Asked by host Jay Leno about Mourdock’s comments, in which the Indiana state treasurer said during a debate Tuesday evening that “even when life begins in that horrible situation of rape that it is something God intended to happen,” the president said “rape is rape.”

“I don’t know how these, come up with these ideas … rape is rape. It is a crime,” the president said. “These various distinctions about rape … don’t make any sense to me.” […]

Obama also joked with Leno about an offer Wednesday from Donald Trump to donate $5 million to a charity of the president’s choice in exchange for his college and passport records. The president, referencing Trump’s accusations that he had not been born in the United States, joked that he and the reality show mogul had a longstanding beef dating back to when they grew up together in Kenya.

“We had constant run-ins on the soccer field,” Obama said. “He wasn’t very good and resented it. When we finally moved to America I thought it would be over.”

I thought The Onion had the best take on Trump’s publicity stunt and Mourdock’s comments.

Retired General Colin Powell, a former secretary of state under President George W. Bush, appeared on CBS This Morning October 25 to affirm he still supports Obama for president. Powell called Romney’s stands on foreign policy “a moving target” and described himself as a moderate Republican, a “dying breed.”

About the Author(s)

desmoinesdem

  • He's still beating the drum for Simpson-Bowles

    which is both disappointing and a good way for Democrats to arrange to lose the next election.  That is of no consequence for him, of course, but should be of interest to Loebsack, Braley, Boswell, Vilsack, and Harkin, assuming all goes well down-ballot. Tom signed a letter with 29 other Senators opposing Social Security cuts, so we’ll see whether the President rolls over opposition in his own party, assuming he is reelected.

    I am seeing a gender gap as I do door-knocking, especially with older women. The antics on the Republican side involving reproductive autonomy for women are taking a toll.  I will be interested to see what the numbers look like. Maybe it’s because women born in the mid-fifties and before remember what it was like before Roe.

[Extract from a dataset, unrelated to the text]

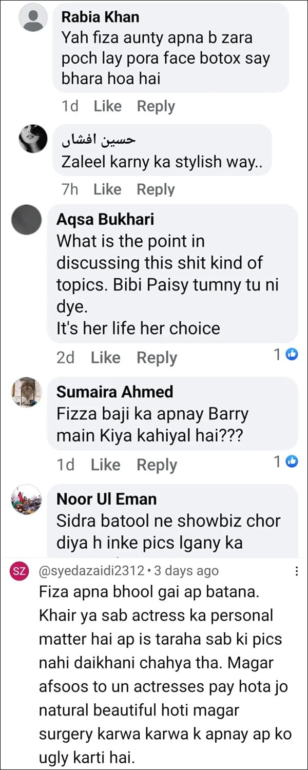 Fiza mentioned, Mashi Khan, Sarwat Gillani, Sidra Batool, Mehwish Hayat, Mahnoor Baloch, Ayesha Khan and others.

    • it will be a big test

      for the Congressional Democrats. Social Security is solvent for decades and would be solvent forever with one simple change (lifting the cap on income subject to Social Security taxes). Will Democrats go along with Obama when he tries to sign up for significant benefit cuts instead?

      I have talked with many pro-choice Republican women who are appalled by the GOP agenda on reproductive rights. I don’t know how many of them will actually vote for Democrats because of this issue, but it is salient for a lot of women. I have an acquaintance in her 40s who is considering voting for Obama–if she does, he would be the first Democrat she’s ever voted for. The prospect of the Supreme Court overturning Roe v Wade is a major concern for her. But she doesn’t like Obama much, so I wouldn’t be surprised if she ends up going third party or leaving the presidential ballot line blank.